Nearly a quarter of top-performing students entering Turkish upper schools are expected to be placed in religious Imam Hatip schools, the education minister said on Thursday, a level which secular critics say unfairly prioritises Islamic education.

The top 10 percent of students currently in their final year of middle school are set to win places in selected schools under a new entrance exam system in June, part of education reforms drafted on President Recep Tayyip Erdogan's orders.

Erdogan has said one of his goals is to forge a "pious generation" in largely Muslim Turkey and the number of pupils at Imam Hatip schools, founded to train future imams and preachers, rose five-fold to 1.3 million students in the last six years.

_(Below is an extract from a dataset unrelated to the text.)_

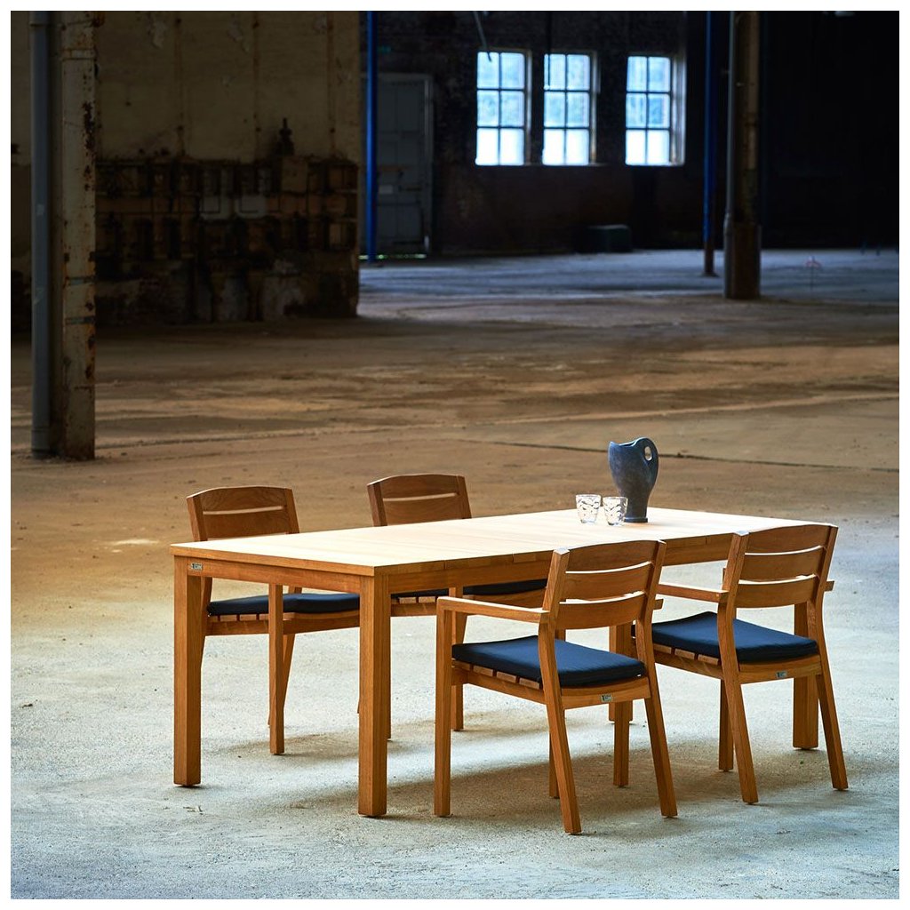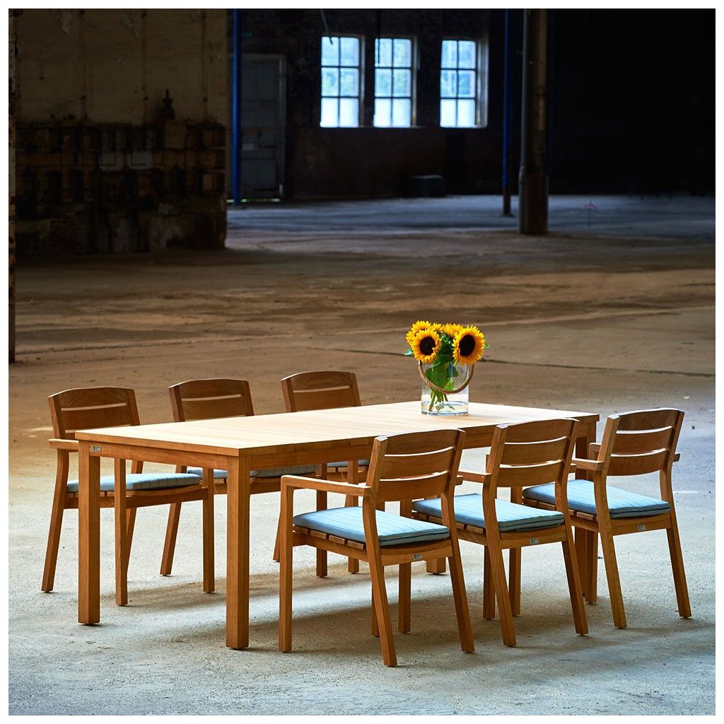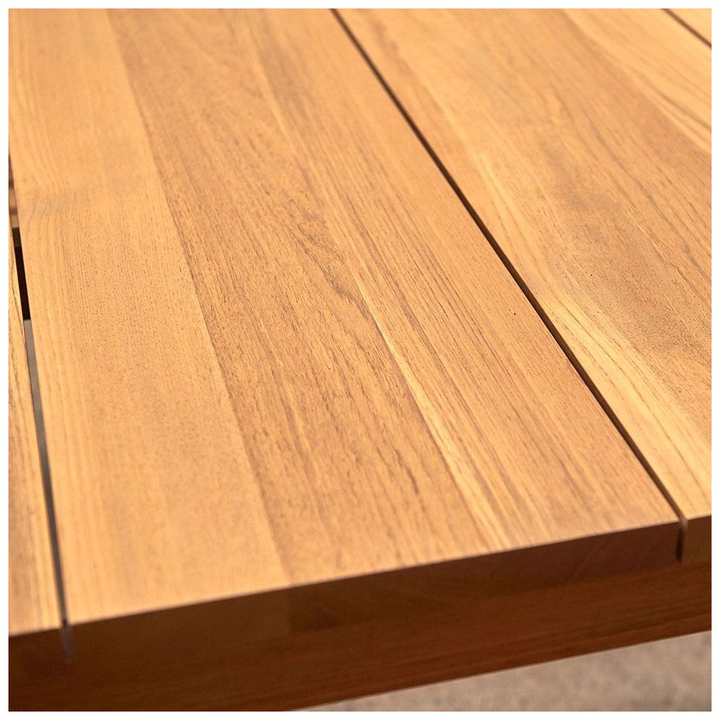 Klasický design s moderním nádechem, to jsou stoly Floris. Čtyři štíhlé nohy na úzkém rámu s deskami z teakového dřeva vytvářejí krásnou kombinaci. Stůl se dodává v několika velikostech a je kombinovatelný se všemi našimi teakovými židlemi.

According to the exam system guide posted on the education ministry website, nearly 300 of the 1,367 schools selected to receive students who pass the exam are Imam Hatip schools.

Education Minister Ismet Yilmaz told broadcaster CNN Turk in an interview the religious school allocation was low compared to the 62 percent allotment for science and regular high schools.

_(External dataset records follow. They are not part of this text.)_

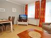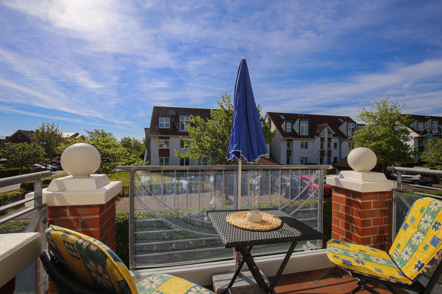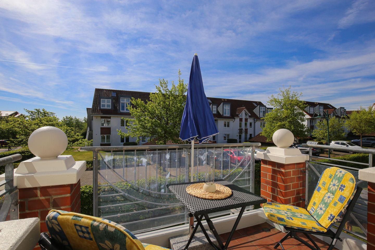 Der möblierte Balkon lädt dich zum Verweilen im Freien ein. Von hier aus hast du direkten Zugang zum offen gestalteten Wohnbereich mit Couchgarnitur und Esstisch. Zur Unterhaltung dienen ein Flachbild-TV und eine Stereoanlage. Für die kleinen Urlauber steht ein Kinderhochstuhl bereit. In allen Räumen wurde der Boden mit Laminat ausgelegt.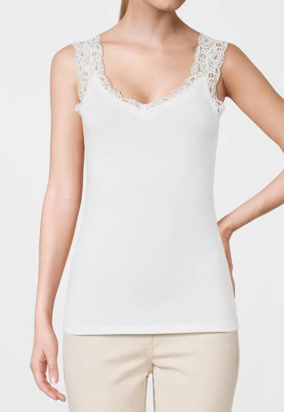 Hemdje met kant – Lace Top – Barbera – Viscose kanten onderhemd – Singlet met brede bandjes – Zwart – Huidskleur – Wit – Lingerie top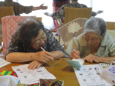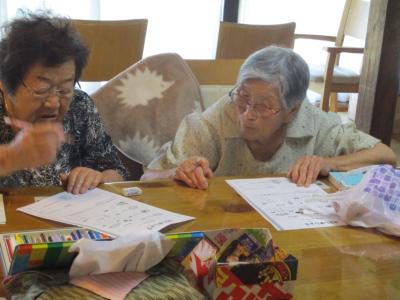 同じ問題に取り組む母達は、仲良く解いて頑張っています指でOK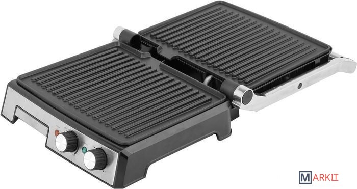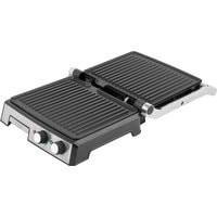 закрытая площадь гриля: 708 см2площадь открытого гриля: 1416 см2антипригарное покрытие, которое легко чиститьэлементы из нержавеющей стали на корпусеконтроль температурырегулировка времени - таймер. Обратный отсчет времени (максимум 30 минут)индикатор питания и режима ожидания3 варианта гриля - решетка в сложенном виде, решетка разложена на 90 °, решетка разложена на 180 °регулировка нагревательных пластин по высоте поджаренных продуктовкрутая ручкаподдон для сбора жираболее высокий край облегчает поддержание чистоты в зоне грилядвусторонняя рифленая поверхность обеспечивает равномерное поджаривание продуктовкабель: 70 см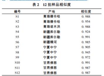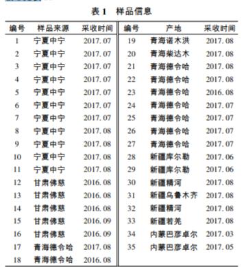 收集寧夏、甘肅、新疆、青海和內蒙古 5 個產 地共 35 批枸杞樣品,經北京中醫藥大學劉春生教授鑒定鑒 定為茄科植物寧夏枸杞 Lyciumbarbarum L. 的干燥成熟果實。 信息見表 1。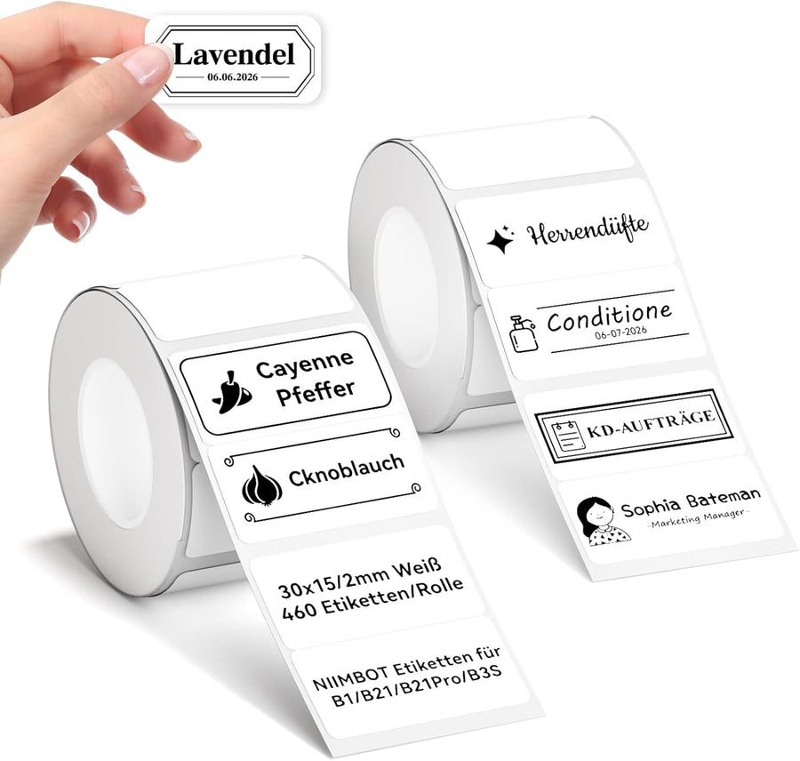 NIIMBOT Etiketten für B1 B21 B31 B3S Etikettendrucker, 30 * 15mm/2R 460 Etiketten pro Rolle, 2 Rolle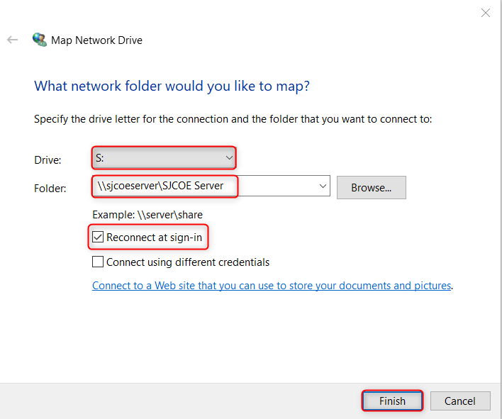 - Folder: type the following: \\sjcoeserver\SJCOE Server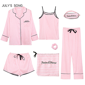 Conjuntos de pijamas de 7 piezas de JULY'S SONG Pink para mujer, pijama rayada de seda con emulación, ropa de dormir para mujer, conjuntos para primavera, verano y otoño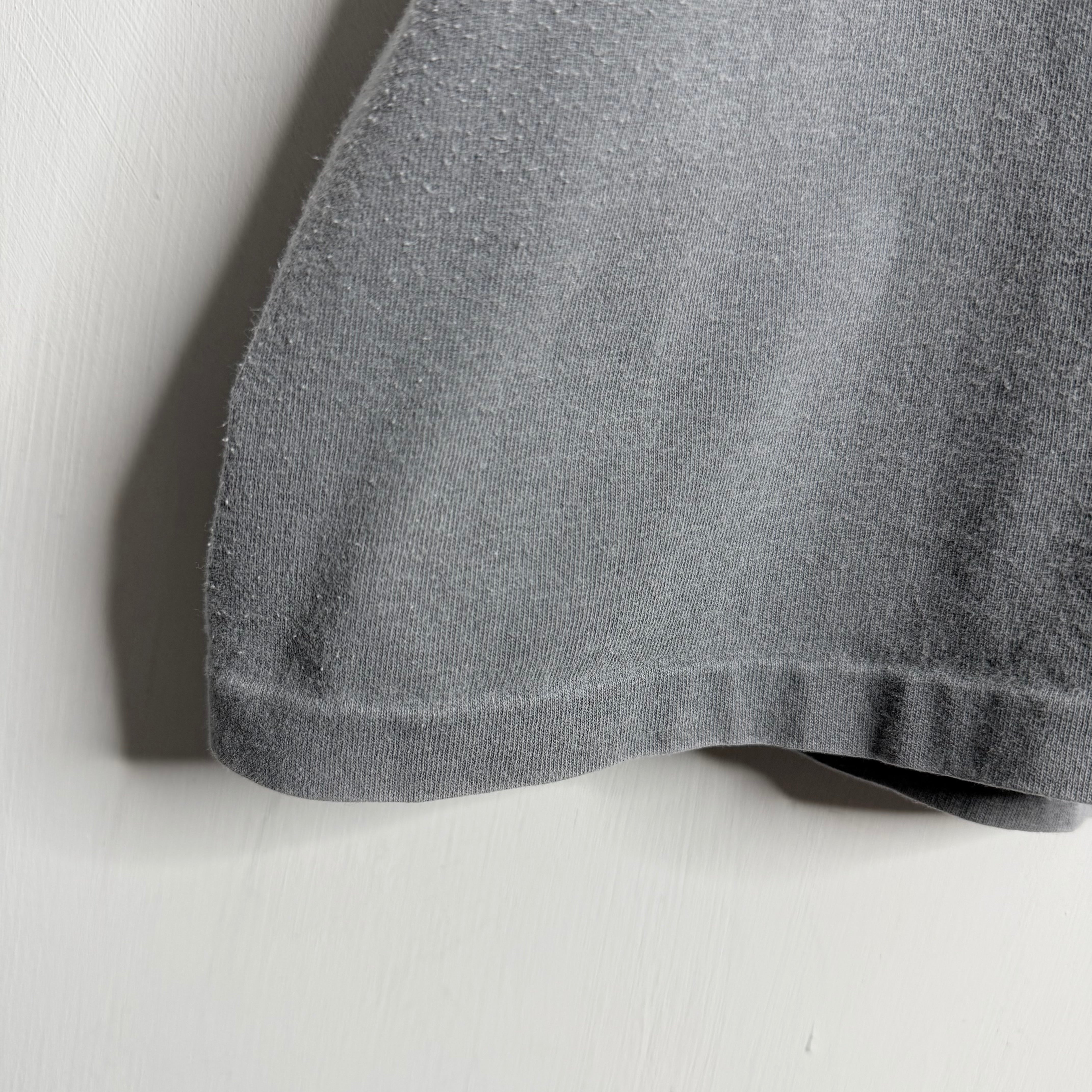 Wearable sickness, stuporly faded, weight and texture of true divinity, oversized fit. 26" armpit to armpit 30" top of back collar to bottom. Tag says XL, fits XXL . 100% cotton. Made in the USA.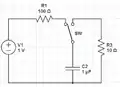 Capacitor charging and discharging circuit separated by a switch

"Is everyone going to Imam Hatips? That's an exaggeration," he said. "We envisage the level going to Imam Hatips will be 23 percent. Twenty-three percent is not bigger than 62."

"We are not forcing anyone to do anything," he said, adding parents did not have to send children to particular schools.

While Imam Hatip students make up 11 percent of the total upper school population, they were allocated some 23 percent of funding in this year's budget, a Reuters report showed in January.

"The government is trying to direct successful pupils towards Imam Hatips by raising their profile, having been unable to achieve the desired success and increase demand for them," main opposition Republican Peoples Party (CHP) MP Utku Cakirozer told Reuters.

More than one million students will complete middle school this year and the 90 percent who are not placed through exams will make preferences for schools near their homes.

Under the previous system, all students took the upper school entrance exam and Yilmaz said the new system was designed to limit the number of students facing the stress of exams.

The Egitim-Sen teachers' union said in a statement it was launching a court challenge to the new system.

"The AKP continues to insist on a policy of making education religious," it said, referring to Erdogan's ruling AK Party.